I am given a chain with state space $S=\{0, 1, 2, \ldots \}$, with transition probabilities $p(0,0)=3/4$, $p(0,1)=1/4$, $p(x, x-1)=3/4$, and $p(x,x+1)=1/4$ for $x \geq 1$.
For $x > 0$, let $e(x)$ denote the expected number of steps in the chain until it reaches the origin assuming that $X_0 = x$. Find $e(1)$. (Hint: first consider the expected return time starting at the origin and write $e(1)$ in terms of this.)
My attempt: Note that $e(0)$ is $0$ as we have started at the origin and thus we will end up there in 0 steps. Note that for $x>0$, $$e(x) = 1 + \frac{3}{4}e(x-1) + \frac{1}{4}e(x+1) \quad(*)$$
So $$e(1) = 1 + \frac{3}{4}e(0) + \frac{1}{4}e(2)=1+\frac{1}{4}e(2)$$ But now I am not sure how to proceed. Is my expression in $(*)$ even correct? I think $(*)$ is a linear difference equation which I do not know how to solve.
Furthermore, I am also asked to find $e(x)$ for all $x>0$.
A standard approach for return time is that if $\pi$ is the limiting distribution, then the expected return time to state $i$, starting from $i$, is $\frac1{\pi_i}$.

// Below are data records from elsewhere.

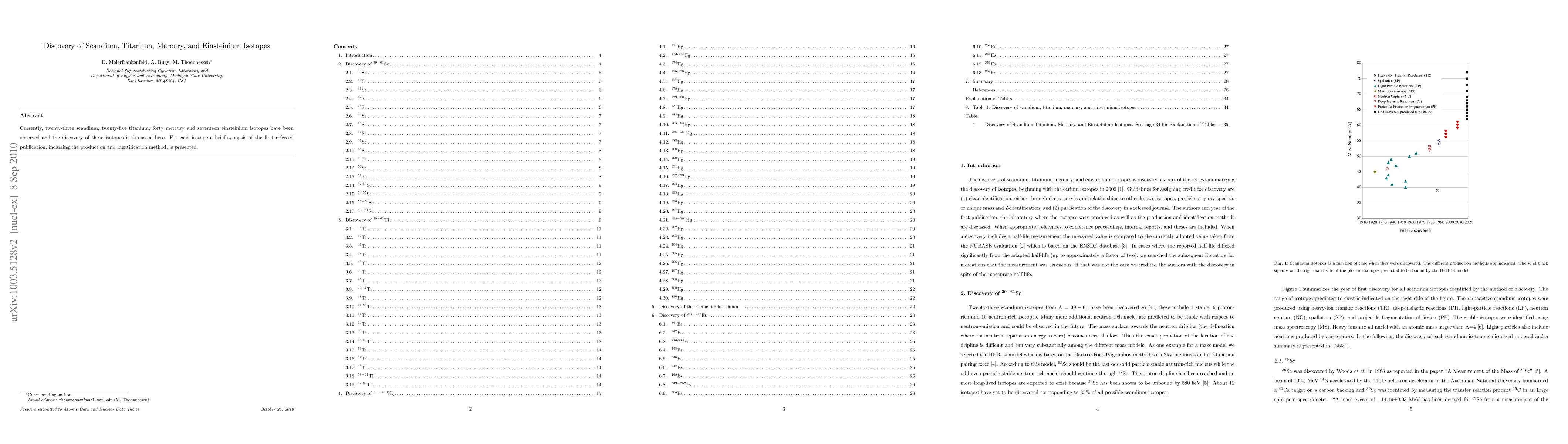 Currently, twenty-three scandium, twenty-five titanium, forty mercury and seventeen einsteinium isotopes have been observed and the discovery of these isotopes is discussed here. For each isotope a brief synopsis of the first refereed publication, including the production and identification method, is presented.
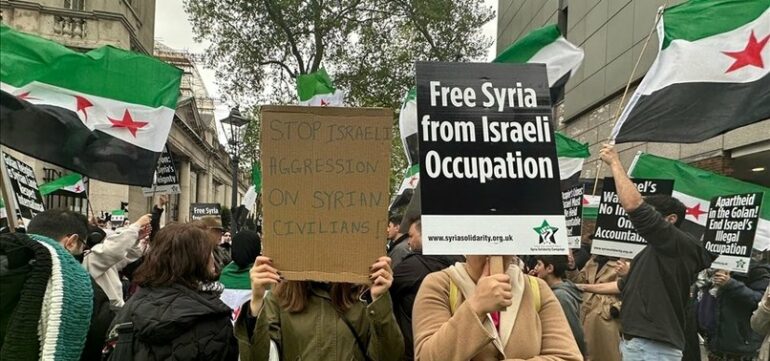 E organizuar nga Fushata e Solidaritetit Sirian, protesta tërhoqi një turmë të madhe që bënte thirrje për t’i dhënë fund asaj që ata e përshkruan si shkelje të sovranitetit sirian dhe ligjit ndërkombëtar.
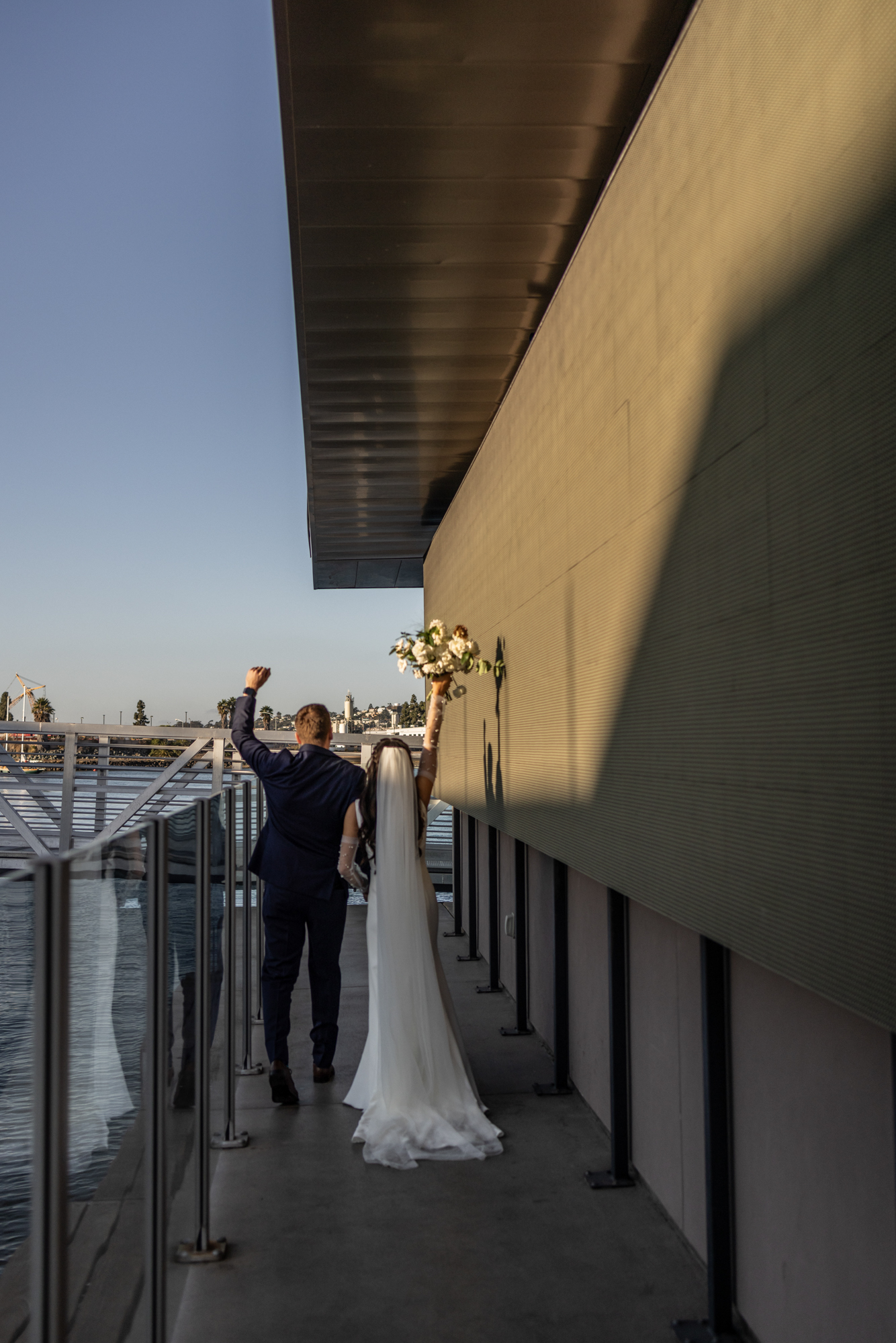 San Diego Bride and Groom travel through downtown before their Wedding Ceremony at Coastera. Wedding Photography suggested and feature the Harbor Pedistrian Bridge in downtown San Diego for award winning photography by Brandon Colbert Photography.

Here, we can work out the limiting distribution $\pi$ with very little effort by observing that $\frac14 \pi_i = \frac34 \pi_{i+1}$ for all $i \ge 0$. (Here, $\frac14 \pi_i$ is the limiting rate of transitions from $i$ to $i+1$, $\frac34 \pi_{i+1}$ is the limiting rate of transitions from $i+1$ to $i$, and these transitions must alternate so their rates are equal.)
Once we've done that, we know $e(0)$. By looking at where the first step from $0$ goes (either back to $0$, in which case we return in $1$ step, or to $1$, in which case we return in $1 + e(1)$ steps on average) we can solve for $e(1)$.
Finally, you can argue that the expected time to go from $i$ to $i-1$ is the same for all $i$, which should let you conclude that $e(x) = x \cdot e(1)$.